In 1967, Israel captured East Jerusalem, the West Bank and Gaza during a six-day war with its Arab neighbors.
Six years later, Israeli courts returned the plot to the two Jewish associations who owned the compound before the war. The associations sold it in 2003 to Nahalat Shimon International, a company created to move Jewish Israelis into the area.
In 1982, the Palestinian residents signed an agreement to remain on the property as protected tenants, as long as they paid rent to its Jewish owners. But Palestinians now say they were deceived and refuse to recognize the agreement.
When offered a similar compromise last Sunday, Palestinian residents again declined, saying they do not recognize the right of the Jewish Israelis over their homes.
“We can’t accept such a thing, although of course we know it’s a risk,” Eskafi said.
King scoffed at the claim: “They had a great deal, not having to pay rent. They got by for years paying almost nothing. But the celebration’s come to an end.”
Now, the families — whose members now number in the hundreds — may be ordered to begin packing their bags by Thursday.
“These families might well become refugees twice over,” said Raz.
The long arm of the law
The anticipated decision to evict the families comes as Jerusalem lives through tense, violent days. The city has been set on edge in recent weeks as Palestinian protesters and Jewish extremists have both clashed with police.
After some Palestinians filmed videos in which they attacked ultra-Orthodox passersby, the Jewish supremacist Lehava group responded by marching through Jerusalem’s downtown calling for “Death to Arabs” and searching for Palestinians to attack.
The two major Palestinian political movements — Fatah and the Hamas terror group — have both taken stances on the Sheikh Jarrah issue. Mohammad Deif, a leader of Hamas’s armed wing, warned on Tuesday that Israel would pay “a heavy price” if it expelled the Palestinian families.
“If the aggression against our people in the Sheikh Jarrah neighborhood does not stop immediately, we will not stand idly by,” Deif warned.
Palestinian Authority President Mahmoud Abbas said on Tuesday he would ask the International Criminal Court to include the neighborhood’s case in its investigation of alleged Israeli war crimes.
On Wednesday night, dozens of young Palestinians from across Jerusalem gathered in a main thoroughfare in the neighborhood, milling about in front of uniformed riot police. The protest, while aggressive in tone, remained peaceful before police moved in to disperse it.
“This is inhumane. As I see it, this is another Nakba — you’re taking people from their homes and bringing others in their place,” said Noura Hamid, a student from Nazareth.

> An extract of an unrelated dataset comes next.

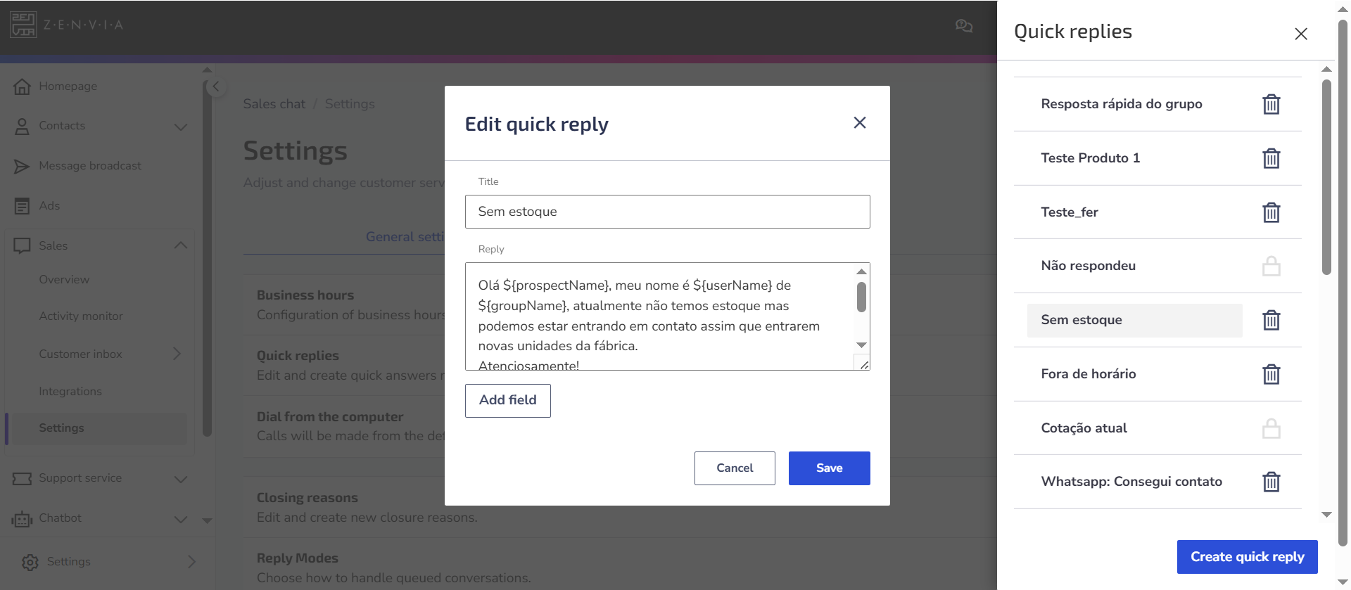 - Go to Sales > Settings > General settings > Quick replies.

Yelling curses and waving their arms, protesters backed away from the scene as police moved in; some were grabbed by officers in riot gear and shoved back forcefully. A police cannon swept the street with high-pressure blasts of putrid-smelling water and stun grenades, sending Palestinians scampering up a hill.

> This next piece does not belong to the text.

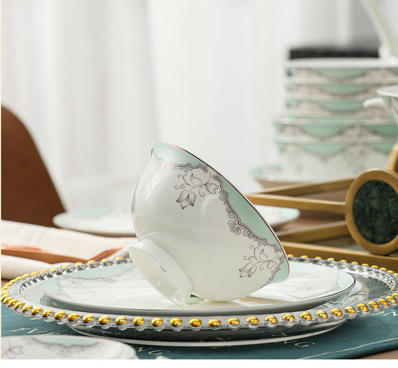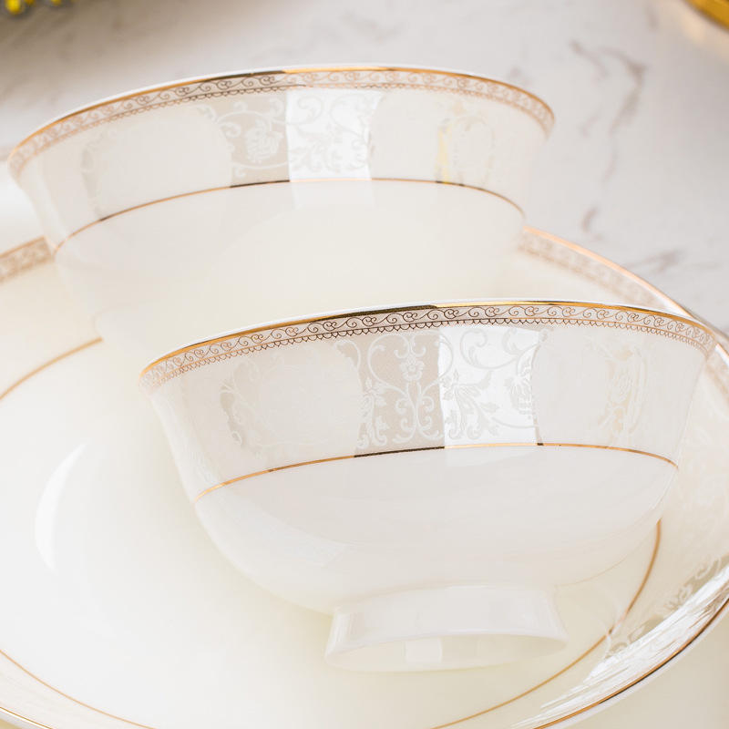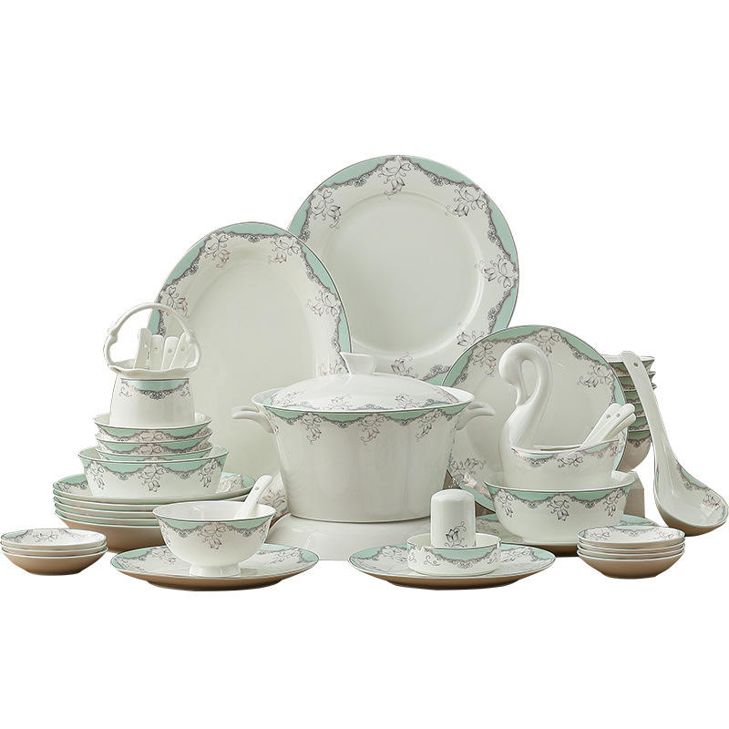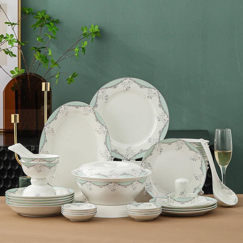 Set di Stoviglie in Porcellana Bone China di Jingdezhen, Design Moderno e Semplice, Lusso Discreto, Ciotole e Piatti per Casa, Adatto al Microonde, Confezione Regalo

“These kids are fearless, because they feel that they have no future. They go and work in West Jerusalem, they get attacked by far-right Jewish settlers… If you take your special forces and enter my home and terrorize my six kids, you think they’ll forget it?” Eskafi said.
A few Palestinians threw plastic bottles at the officers. Others hurled large stones at two Jewish residents standing outside their house. One batted away the rocks with a white plastic chair.
The Jewish residents had left their home to heckle the demonstrators. When medics rushed an unconscious Palestinian teenager by them on a stretcher, they cheered.
The melee wrapped up soon after, but with the evictions looming, and many more down the road, some fear tensions could quickly escalate into a larger conflagration.
“If these families are expelled,” warned Mahmoud, a demonstrator from Shuafat, “Jerusalem will explode.”